Recent census reports are showing that the recession is not only hurting retail businesses and luxury consumer goods and services; the lack of money is also preventing people from moving to a new home. While some people are still moving, generally away from expensive homes that they can no longer afford, others who would have moved under other circumstances are staying put longer and putting off the need to relocate. Furthermore, those who are relocating are finding out that moving things on their own is cheaper than trying to get moving quotes that fall into their very limited budget. Combined, all of this has created a distinct pattern that shows how many people simply are choosing to remain where they are instead of finding a new home throughout this time of economic downturn.
So Much Uncertainty
At a time when there is so much uncertainty plaguing us, it is impossible to get people to look only at the bright side of things. Instead of thinking about the future money that could be saved by moving closer to the city, people are choosing to remain where they are in order to save that cash right now. The global mindset is shifting from one where people were willing to set aside things now for things in the future, but because there is no telling when the economy might pick back up, people are viewing it as better and safer to keep things in their pocket where they are readily accessible rather than investing things.

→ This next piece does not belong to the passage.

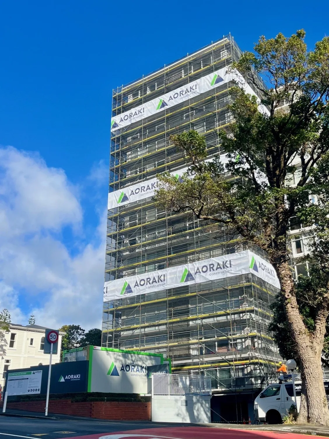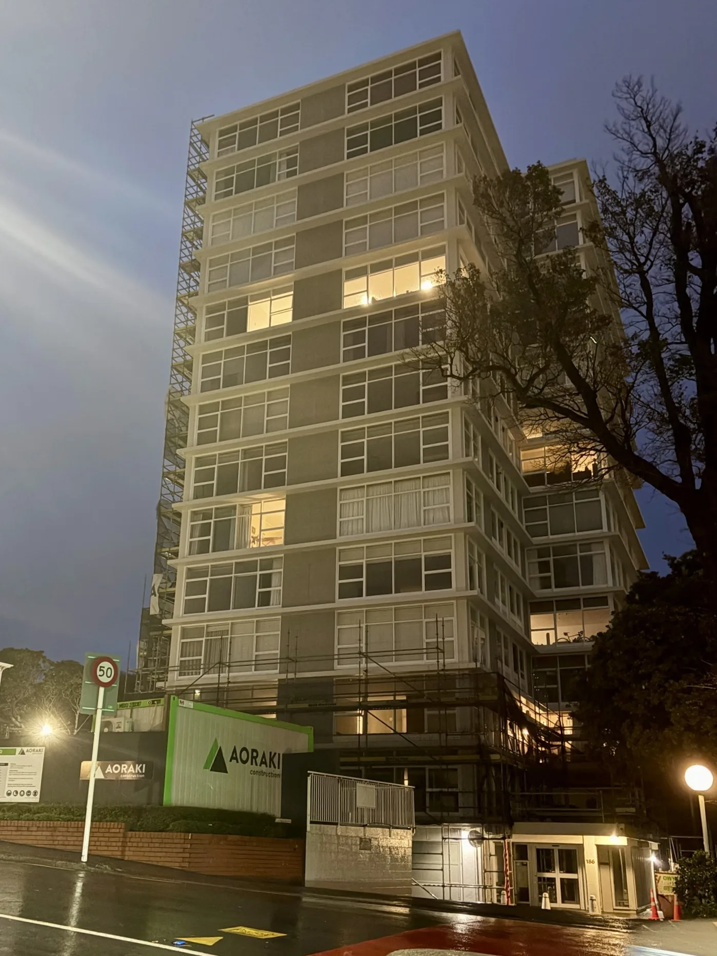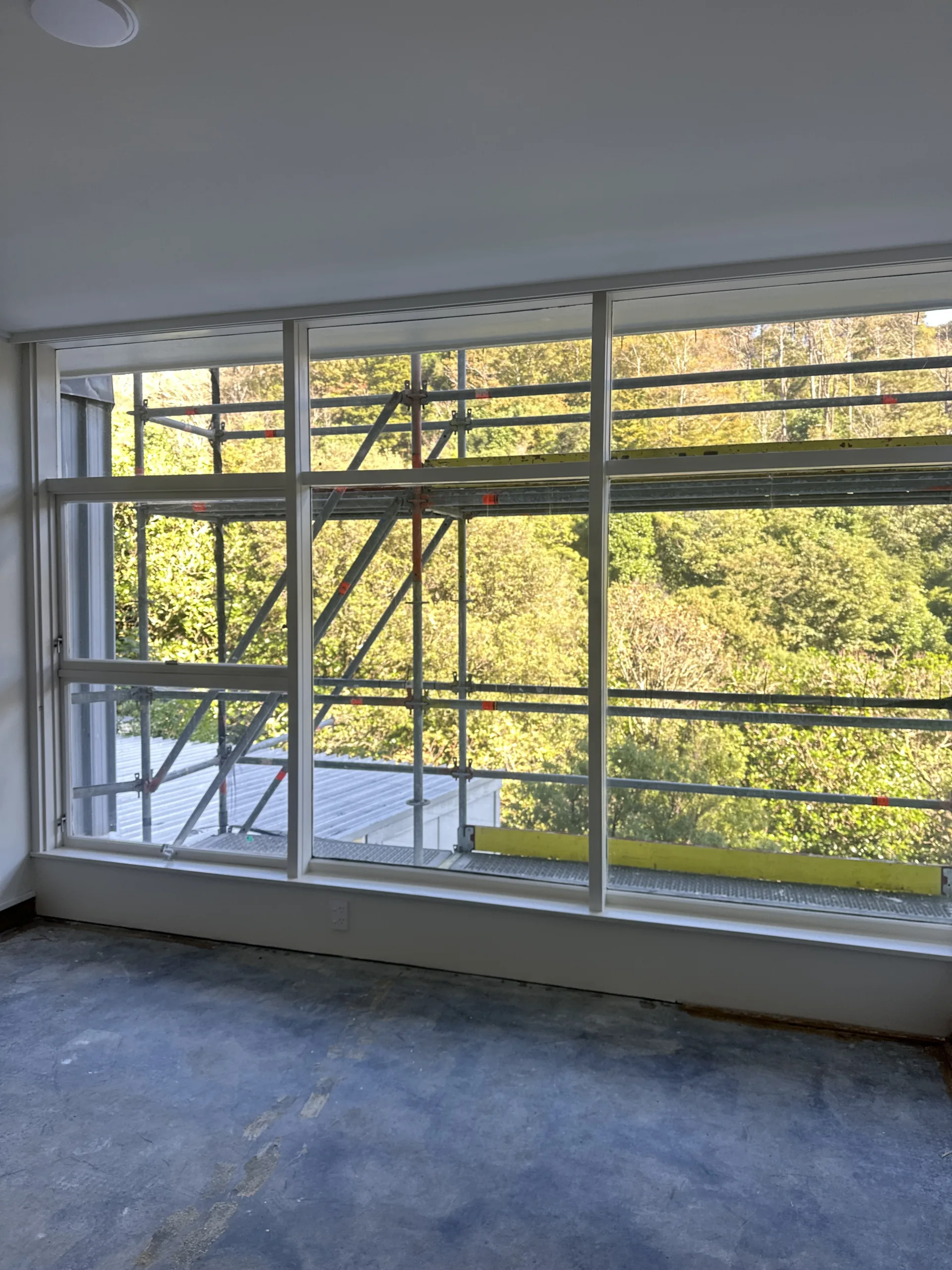 The building has three main service risers, each of which will undergo safety upgrades. These include fire-rating improvements, relocation of services, and the installation of safe working platforms and access points. Perimeter scaffolding is being erected across all elevations, to provide access for window remediation, weathertightness improvements, and full repainting of all timber joinery, pre-cast panels and concrete aprons.

While this might seem like a logical mindset, the result is an even deeper slide of the overall economy.
Census Bureau Data
The United State Census Bureau began collecting information about the movement of people around the United States back in 1948. Last year, from 2010 to 2011, was a record year in that only eleven percent of people moved from one place to another throughout the year. That makes this year the year when the fewest people moved from one home to another. And while some states didn’t see any movement overall, even the larger states suffered. Still, some of the more popular routes continued to be popular, with almost seventy thousand people moving from California to Texas and fifty-five thousand moving from Florida to Georgia.
To Move or Not to Move?
Perhaps the biggest question plaguing consumers these days is the simple ‘to move or not’? While this might seem like an easy to answer question based on the things that are going on around you, there is no telling what other factors an individual might be considering in their coming to an answer. Thankfully, it looks as if the economy is slowly coming around, but we won’t know much more until 2012 has more time to take hold. In the end, choosing to make the move can often pay off in the long run, so be careful before you write off the option as being too expensive for the time being. You might be thankful that you took the plunge rather than waiting around for a better time in which to do so.